Я всегда вспоминаю этих несчастных тунгусов, когда случается впервые мне очутиться в городе нерусском. И не будь в руках плана, ей Богу, пожалуй, тоже не миновать и мне забора. А с планом я всюду, как слепец с поводырем: выйдешь, Господи благослови, утречком и пойдешь тихонько и всегда-то обязательно не в ту сторону хватишь, загнешь порядочного крюку, да спохватишься, и уж будет! — больше нипочем не собьешься.
Так и во славном первом городе Риме с первых-то шагов я ожегся и уж потом смело, как у себя дома, в нашем родном Третьем Риме, водил я моих спутников, сам для них, как план, поводырь мои.

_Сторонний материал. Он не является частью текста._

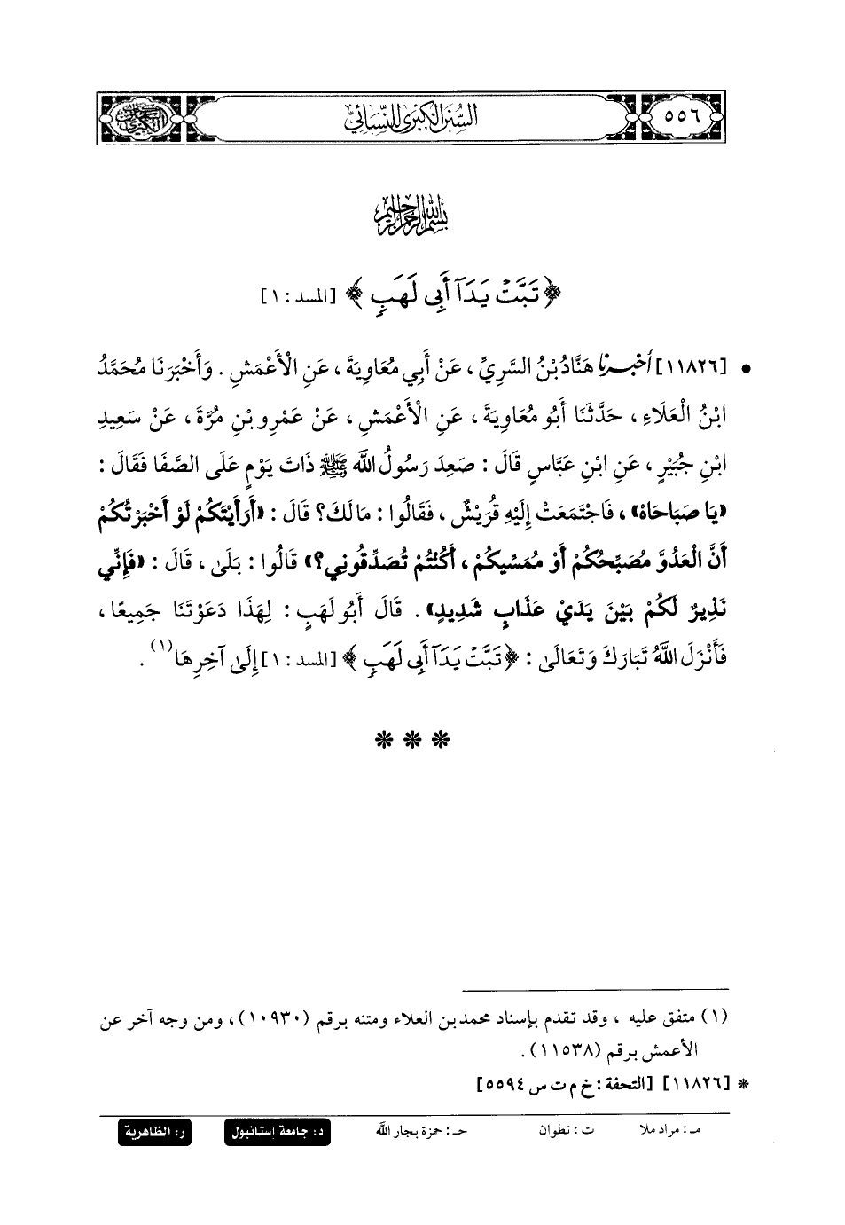 11826- أَخبَرنا هَنَّادُ بنُ السَّرِيِّ، عَن أَبي مُعاويَةَ، عَنِ الأَعْمَشِ (ح) وَأَخبَرنا مُحَمدُ بنُ العَلاءِ، حَدثنا أَبو مُعاويَةَ، عَنِ الأَعْمَشِ، عَن عَمْرِو بنِ مُرَّةَ، عَن سَعِيدِ بنِ جُبَيرٍ، عَنِ ابنِ عَبَّاسٍ، قَالَ: صَعِدَ رَسُولُ اللهِ صَلى الله عَليه وسَلم ذَاتَ يَوْمٍ عَلَى الصَّفَا، فَقَالَ: يَا صَبَاحَاهُ، فَاجْتَمَعَتْ إِلَيْهِ قُرَيْشٌ، فَقَالُوا: مَا لَكَ؟ قَالَ: أَرَأَيْتَكُمْ لَوْ أَخبَرْتُكُمْ أَنَّ العَدُوَّ مُصَبِّحُكُمْ أَوْ مُمَسِّيكُمْ، أَكُنْتُمْ تُصَدِّقُونِي؟ قَالُوا: بلى، قَالَ: فَإِنِّي نَذِيرٌ لَكُمْ بَيْنَ يَدَيْ عَذَابٍ شَدِيدٍ، قَالَ أَبو لَهَبٍ: لِهَذَا دَعَوْتَنَا جَمِيعًا، فَأَنْزَلَ اللهُ تَبَارَكَ وَتَعَالَى: {تَبَّتْ يَدَا أَبي لَهَبٍ وَتَبَّ ... } إِلَى آخِرِهَا.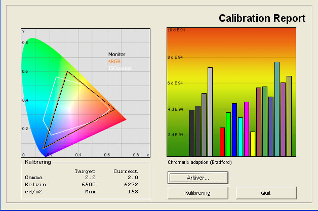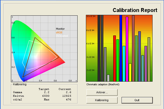 Gamma’en, altså forløbet af lys fra sort til hvid, kunne ikke gøres perfekt, og ved at ændre på brightness, rykkede jeg gammakurven en smule. Skærmen har generelt lidt for lyse hvide nuancer og lidt for mørke sorte nuancer. Det kompromis jeg fandt frem til, var dog ganske fornuftigt set i lyset af, at man ikke kan udbedre fejlen pga. manglende indstillingsmuligheder.

И всего раз попробовал Иван Николаевич на свой страх один пуститься, — и не очень-то вышло. А задумал Иван Николаевич в баню сходить, взял в узелок бельеца себе — чистую перемену, рассказал я ему путь, как до бань их самых первых римских добраться, а он с перепугу, вместо бань, да и попади в зверинец, и там, на диковин всяких глазея, час-то человечий положенный пропустил, схлынули посетители по домам из зверинца, зверинец — на запор, а зверей, слонов всяких, на прогулку, ну, кого травку пощипать, кого так побеситься, — их, ведь, брату в клетках очень скучно! — тот рычит, другой пищит, третий хвостом сучит, и что же вы думаете, едва через забор улепетнул, да слава Богу, что только страхом отделался, а то долго ли до греха, — и не в осуждение зверю говорю, — почем они Ивана Николаевича знают? — ему попало в пасть, не скажется, и готово!